Multi-API-Mode Providers¶

Status: Done (v0.6.8)

Providers that expose multiple API standards (e.g. OpenRouter with both OpenAI Chat and Anthropic endpoints, Google with native Gemini and OpenAI-compatible mode) are supported via multiple shims per provider. Naming convention: {provider}_{api_mode}, with no suffix for the primary mode.

Planned Features¶

Converter Enhancements¶

Server-Side Tool Type Mapping¶

Status: Planned — #181

Cross-provider mapping for server-side tool types (web_search, code_execution, computer_use) that exist in some providers but not others.

Reasoning Field Normalization¶

Status: Planned — #185

Normalize reasoning_content / thinking fields across OpenAI Chat-compatible providers (e.g.
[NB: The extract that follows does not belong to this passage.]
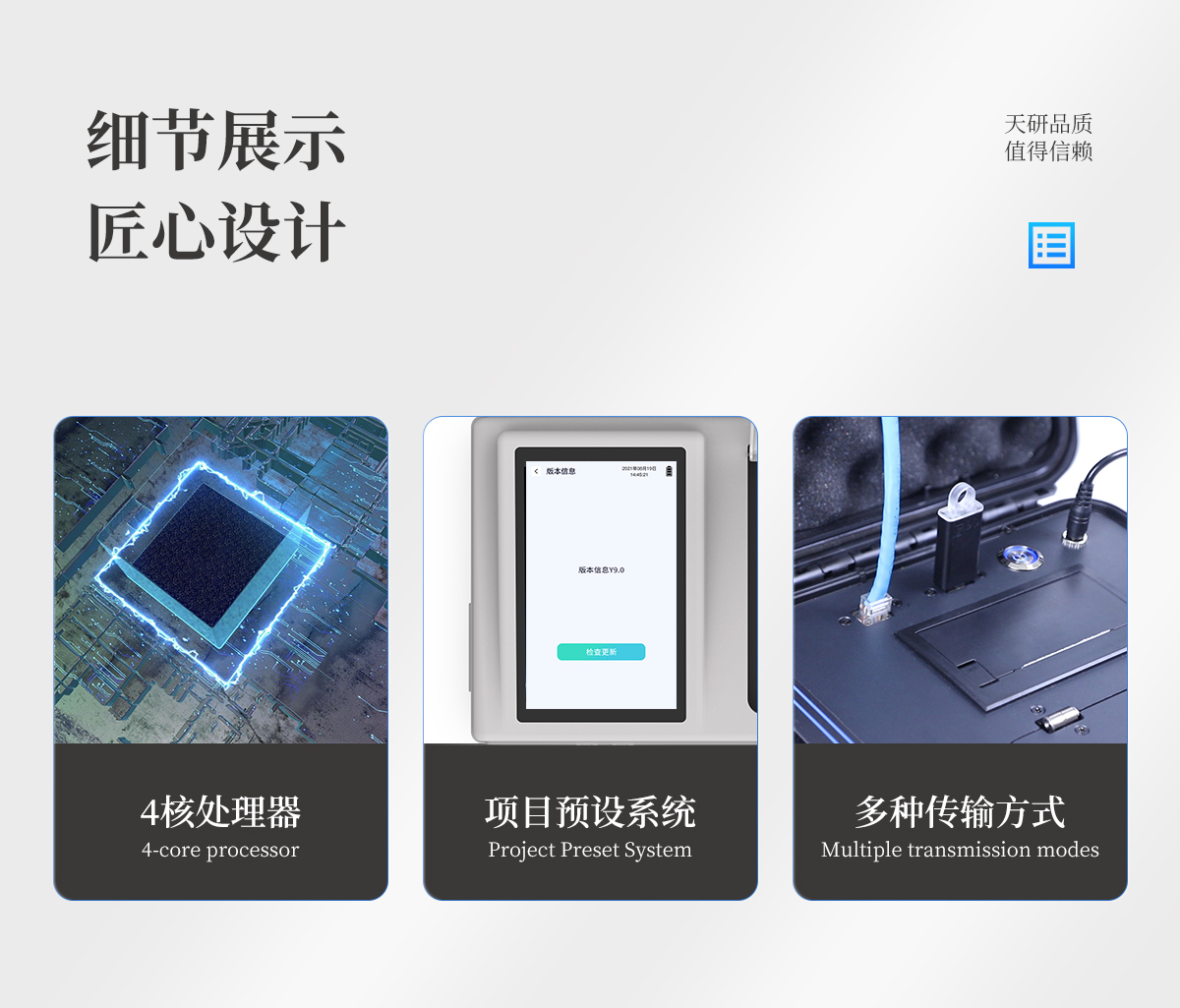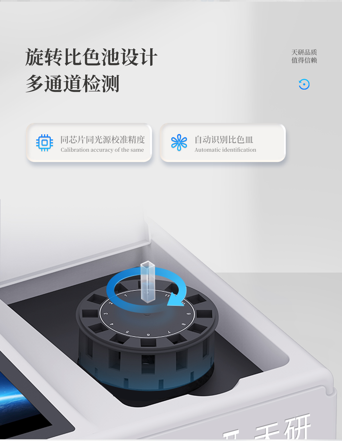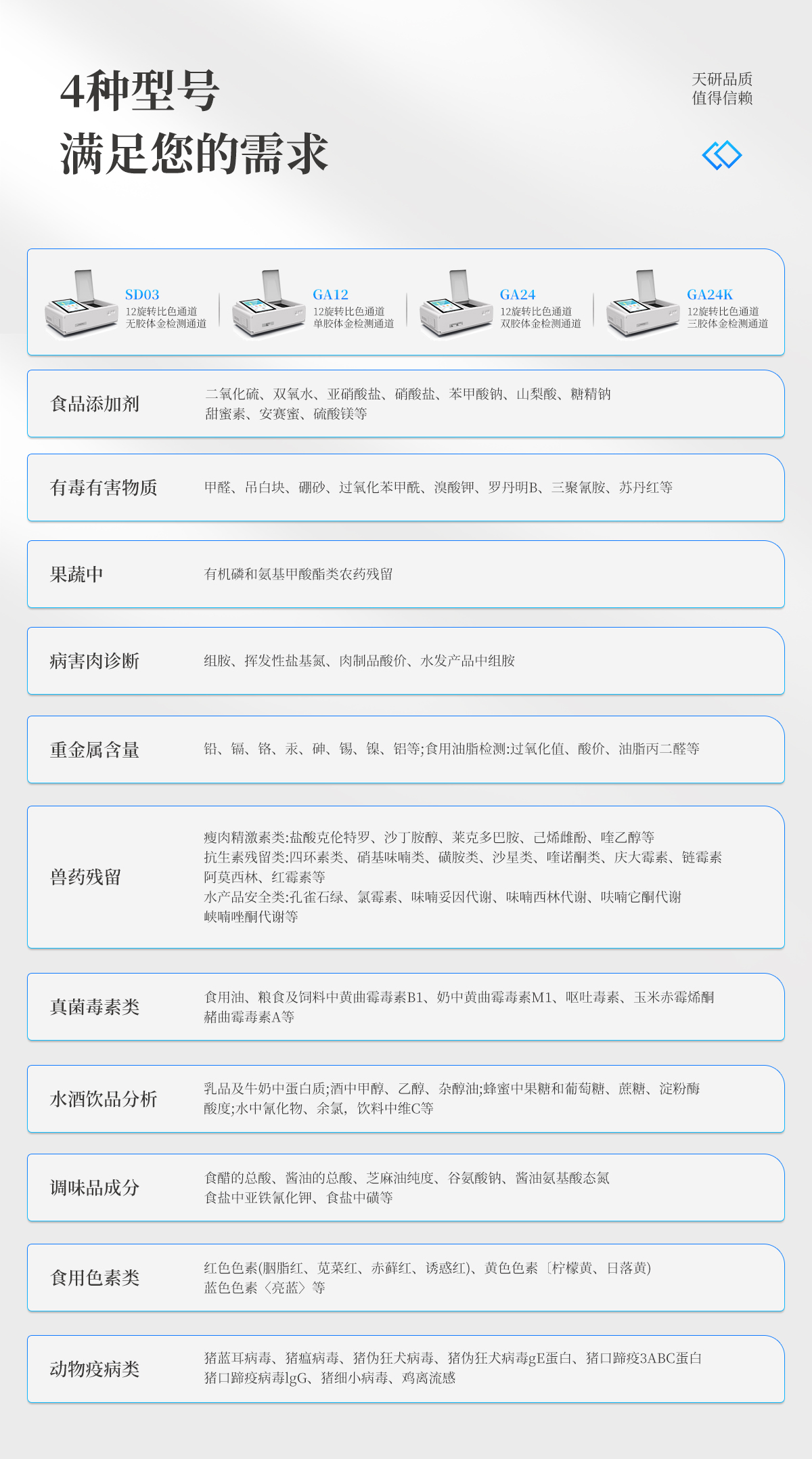 | 儀器采用臺式一體化系統(tǒng)檢測技術(shù),將分光光度模塊、新型農(nóng)殘檢測模塊、數(shù)字化管理模塊、無線通訊模塊高度集成于一體,支持檢測200種食品安全檢測項目,同時預(yù)留升級檢測方法。 | 儀器檢測模塊標準化、智能化,可隨意自由組合。檢測箱體內(nèi)置多個標準檢測單元,檢測模塊可以調(diào)整配置。 | 儀器采用全新安卓智能系統(tǒng),主控芯片采用 ARM Cortex-A7,RK3288/4核處理器,10.1寸高清液晶觸摸豎屏,更加**的UI交互界面,運轉(zhuǎn)快捷;儀器配備無線通信模塊: 4G(APN)通訊模塊、Wifi模塊,藍牙傳輸,同時具有雙USB接口以及RJ45接口能以多種方式實現(xiàn)數(shù)據(jù)保存和數(shù)據(jù)傳輸功能。 | 創(chuàng)新檢測模式: | ★檢測通道:≥12通道;采用精密旋轉(zhuǎn)比色池設(shè)計,使用同芯片同光源校準精度,解決不同光源之間的誤差值。1-12通道間誤差0.1%。(**號:ZL202022821055.2) | ★儀器具有自動識別比色皿檢測功能,即:將樣品比色皿放入儀器后,點擊樣品檢測,儀器自動識別比色皿進行通道檢測。 | 進口高精光源: | 高精度進口四波長冷光源,通道配置 410、520、590、630nm 波長光源,一個光源芯片驅(qū)動一個光源,誤差極小,每臺設(shè)備單獨**校準光源,**比對,同時參照四種不同波段光源全方位覆蓋市面上99%的農(nóng)殘食品項目檢測。 | 智能化操作系統(tǒng): | 便捷操作系統(tǒng):設(shè)備檢測時可在同一檢測界面自動對應(yīng)相關(guān)檢測通道一次性選擇1-12個樣品名稱,無須退出界面,節(jié)省操作時間。 | 數(shù)據(jù)集成系統(tǒng):設(shè)備首頁自動統(tǒng)計檢測數(shù)據(jù)包含:周檢測數(shù)據(jù)、月檢測數(shù)據(jù),全部檢測總數(shù)量,均包含檢測總數(shù),合格數(shù),不合格數(shù),以及相關(guān)柱形分析圖,對各項檢測數(shù)據(jù)清晰掌握,無需電腦查詢,更加快捷直觀。 | 項目預(yù)設(shè)系統(tǒng):支持添加單個及多個相同或不相同的任務(wù)預(yù)設(shè),一鍵快速調(diào)取,每一個任務(wù)分別可以設(shè)置不同的樣品、批次、編號、來源、備注、抽樣信息、檢測信息、受檢信息、復(fù)核信息等更多信息。無縫鏈接平臺和APP實時查看下發(fā)任務(wù)。 | 數(shù)據(jù)監(jiān)管系統(tǒng):同步對接監(jiān)管平臺,數(shù)據(jù)可局域網(wǎng)和互聯(lián)網(wǎng)數(shù)據(jù)上傳,檢測結(jié)果可選擇直接傳至食品安全監(jiān)管平臺。集成OSS輸出存儲服務(wù)、區(qū)分設(shè)備定向管理應(yīng)用,進行區(qū)域食品安全監(jiān)管及大數(shù)據(jù)分析處理與數(shù)據(jù)統(tǒng)計,檢測區(qū)域食品安全長短期動態(tài),達到食品安全問題預(yù)估、預(yù)警。 | 自定義打印系統(tǒng):內(nèi)置全新打印系統(tǒng),新創(chuàng)自定義打印方式,可按需靈活設(shè)置開啟或關(guān)閉:產(chǎn)品合格證(國家農(nóng)業(yè)部標準要求),二維碼,抽樣信息、檢測信息,受檢信息、復(fù)核信息、抽樣日期、檢測日期等信息的打印。 | 系統(tǒng)遠程更新功能:可定向分客戶分儀器更新系統(tǒng),按照不同客戶后期實際需求添加項目,無需機器返廠,即可遠程實時升級全新系統(tǒng),節(jié)省時間成本及避免運輸造成設(shè)備損壞。 | 儀器主機采用一體化防水、抗壓、防撞擊、防腐蝕箱體設(shè)計,同時配備交直流供電,可連接車載電源,可選配大容量充電鋰電池,滿足現(xiàn)場野外檢測需求。 | 安全證書,放心保障:儀器具有中國計量科學(xué)研究院校準證書,**認證。 |

DeepSeek, Qwen) via shim transforms instead of per-provider converter code.

Shim System¶

Per-Model Transforms (ModelShim)¶

Status: Planned — #192

Restore ModelShim to enable per-model transform rules — different models from the same provider may need different field handling.

Gateway¶

Upstream Timeout & Circuit Breaker¶

Status: Planned — #121

Configurable per-provider timeouts and circuit breaker pattern to handle slow or failing upstreams gracefully.

Rate Limiting Middleware¶

Status: Planned — #124

Token-bucket or sliding-window rate limiting per API key or per client IP.

Enhanced Error Responses¶

Status: Planned — #123

Include upstream error context in gateway error responses for easier debugging.

Cost Tracking per Provider¶

Status: Open — #131

Track token usage costs per provider and surface them in the admin dashboard.
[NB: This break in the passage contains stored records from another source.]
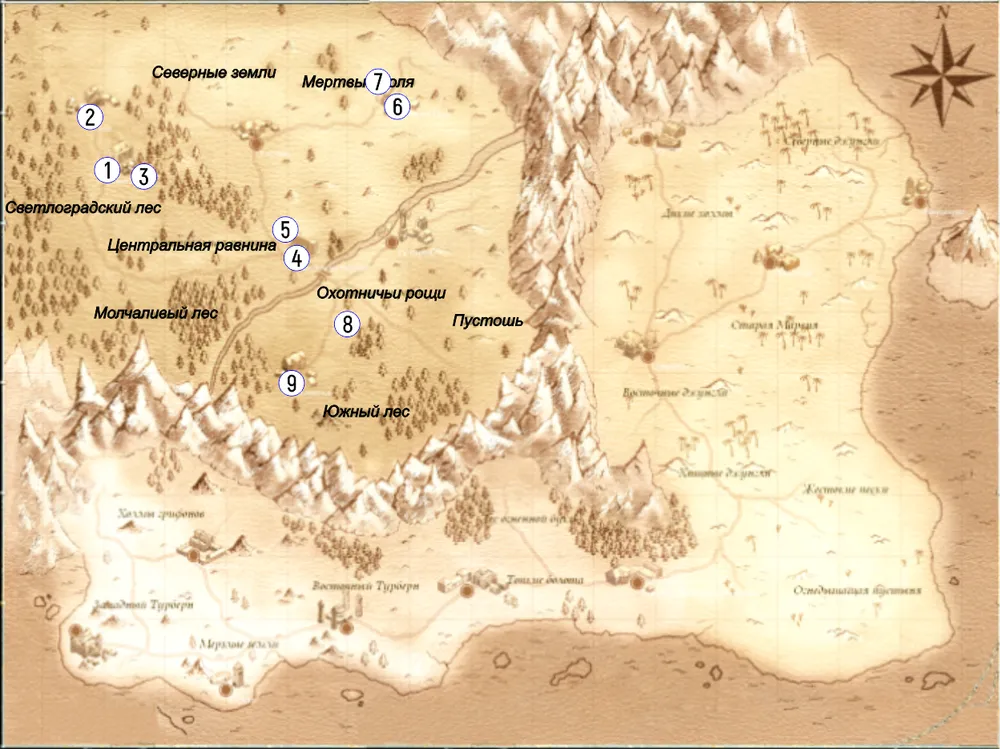 1 – Светлоград. 2 – Сом. 3 – логово разбойников. 4 – застава на Ра-реке. 5 – северный хутор. 6 – Девичье Поле. 7 – сухое дерево. 8 – Багровая роща. 9 – Велеград.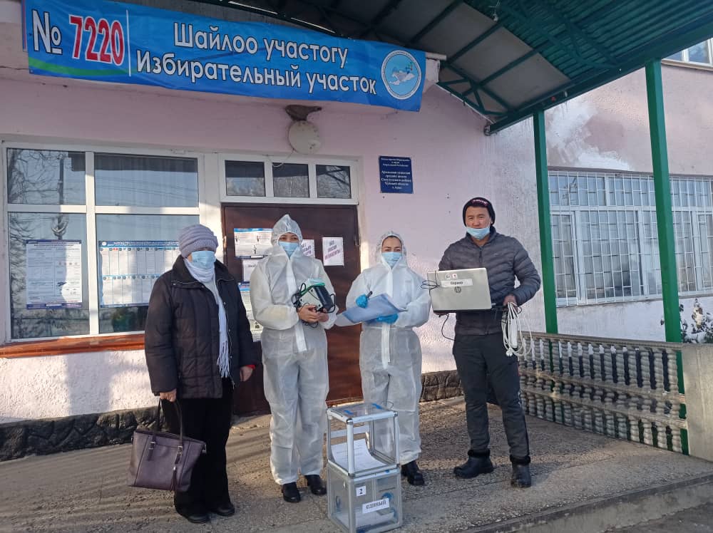 Добуш берүүчү жайдан тышкары добуш берүү бардык санитардык-эпидемиологиялык талаптарды сактоо менен өткөрүлүүдө.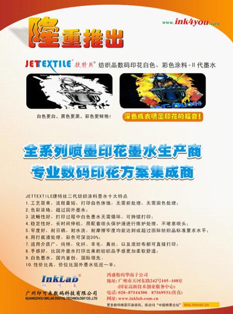 JETTEXTILE捷特絲二代紡織涂料墨水十大優點: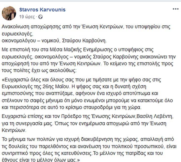 Μία ακόμη απώλεια για την Ένωση Κεντρώων, καθώς με μια επιστολή του στα Μέσα Μαζικής Ενημέρωσης, ο υποψήφιος στις ευρωεκλογές, οικονομολόγος – νομικός Σταύρος Καρβούνης, ανακοίνωσε την αποχώρησή του από το κόμμα.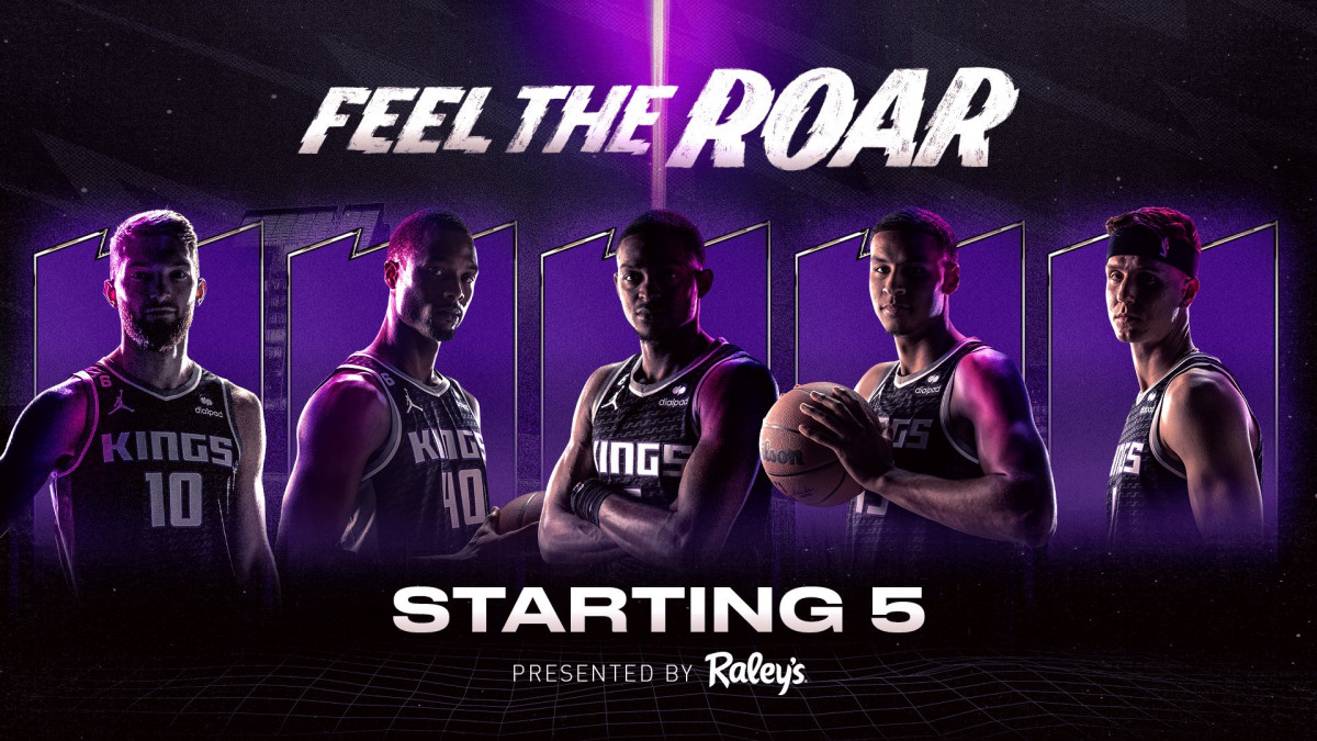 Equipo titular de Kings: De'Aaron Fox, Kevin Huerter, Harrison Bames, Keegan Murray, Domantas Sabonis. Foto: Sacramento Kings

Fallback Chain & Load Balancing¶

Status: Open — #129

Automatic failover to backup providers when the primary is unavailable, with optional load balancing across multiple providers.

Provider Support¶

LM Studio¶

Status: Deferred — #42

LM Studio provides OpenAI-compatible local inference. Works with the existing openai_chat converter via gateway configuration. Low priority as it already works without dedicated support.

HuggingFace Inference API¶

Status: Deferred — #40

HuggingFace Inference API supports multiple model formats. A dedicated converter or shim would enable routing to HuggingFace-hosted models. Deferred pending community interest.

Community Contributions¶

We welcome pull requests for any of the planned features above. Here's how to get started:

Check the issue tracker for open issues
Read the Core Concepts guide to understand the converter architecture
Look at existing converters (e.g., src/llm_rosetta/converters/openai_chat/) as templates
For new providers, consider creating a shim first — it's often enough
Run pre-commit run --all-files before submitting

For larger features, please open an issue first to discuss the approach.